Dr Brickmann, JPL, identified the escape of hydrogen into space in 1966. I wrote a paper, with registered copyright in 1978, suggesting we intercept this hydrogen now escaping from earth and put it to work.
Since then many hydrogen wells have been drilled, largely by accident. 8.9 metric tons per day has been recorded from a Russian well. However, there has been little commercial success, mainly due to completion, transport, storage and separation problems. Hydrogen embrittlement in equipment has also been a critically unsafe factor.
With considerable hydrogen venting from the earth, over which no one has any control, We hope to drill, intercept some of it and put it to use, pollution free, by making anhydrous ammonia, before it escapes into space.

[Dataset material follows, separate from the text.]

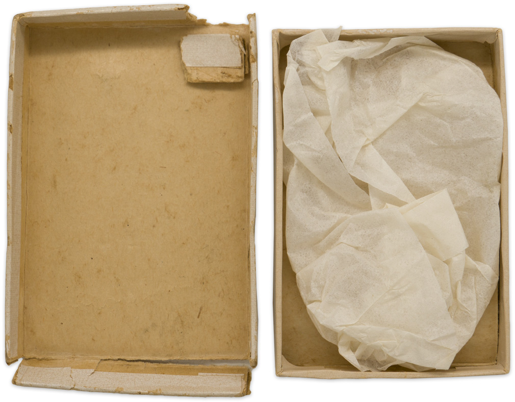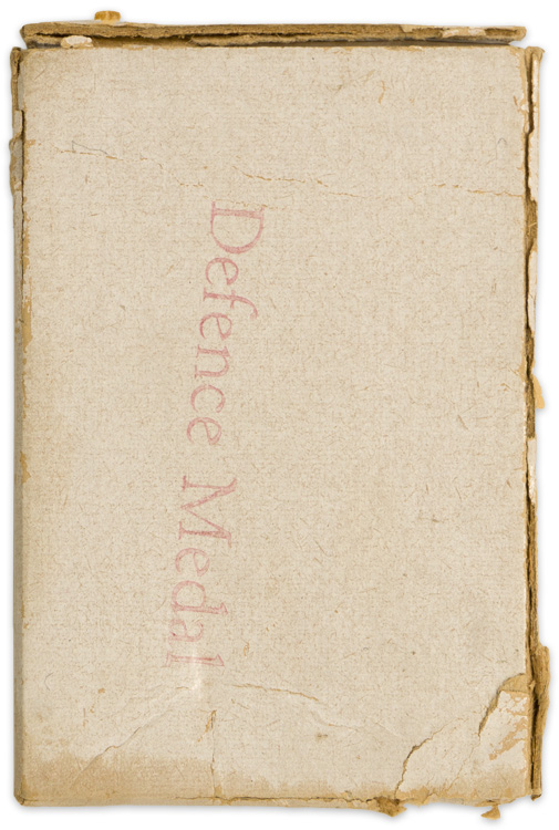A two piece cardboard box with friction top lid that is stamped "Defence Medal". Shows war with some tearing.

A bit Off topic, but stll a bit within the limits of the article: there are some advaces in the Context of PtG from Karlsruhe. The article is here: https://www.kit.edu/downloads/pi/KIT_PI_2018_009_Power-to-Gas%20mit%20hohem%20Wirkungsgrad.pdf
I still prever huge grids to balace demand and supply, but with this the alternative / additional Path via PtG has become a bit more reasonable – 50% round trip efficiency seem reachable now with existing and proven techology, using Methan, not Hydrogen, which allows to use existing infrastructre without changes to it.